[Data provided Boundary: Start]

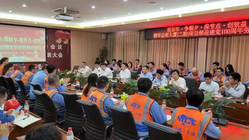 3月29日,中國二十冶集團廣東公司橫琴總部大廈(二期)項目部,召開“迎百年 爭朝夕 保節點 創效益”大干100天競賽活動。
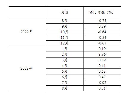 根据季节调整模型自动修正的结果,对2022年8月份以来的社会消费品零售总额环比增速进行修订。修订结果及2023年8月份环比数据如下:
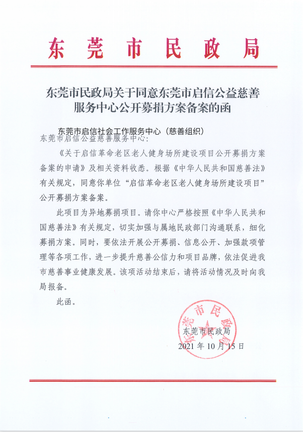 东莞市启信公益慈善服务中心将发挥慈善组织功能,让革命老区老人家们老有所乐,呼吁社会各界人士给老区老年人的晚年健身活动提供支持。

[Data provided Boundary: End]

▶ Work order
Transcribe exactly the span of lines from the line holding "根据季节调整模型自动修正的结" through the last line above, both included. Pictures stay out.

▶ Your response
 根据季节调整模型自动修正的结果,对2022年8月份以来的社会消费品零售总额环比增速进行修订。修订结果及2023年8月份环比数据如下:
 东莞市启信公益慈善服务中心将发挥慈善组织功能,让革命老区老人家们老有所乐,呼吁社会各界人士给老区老年人的晚年健身活动提供支持。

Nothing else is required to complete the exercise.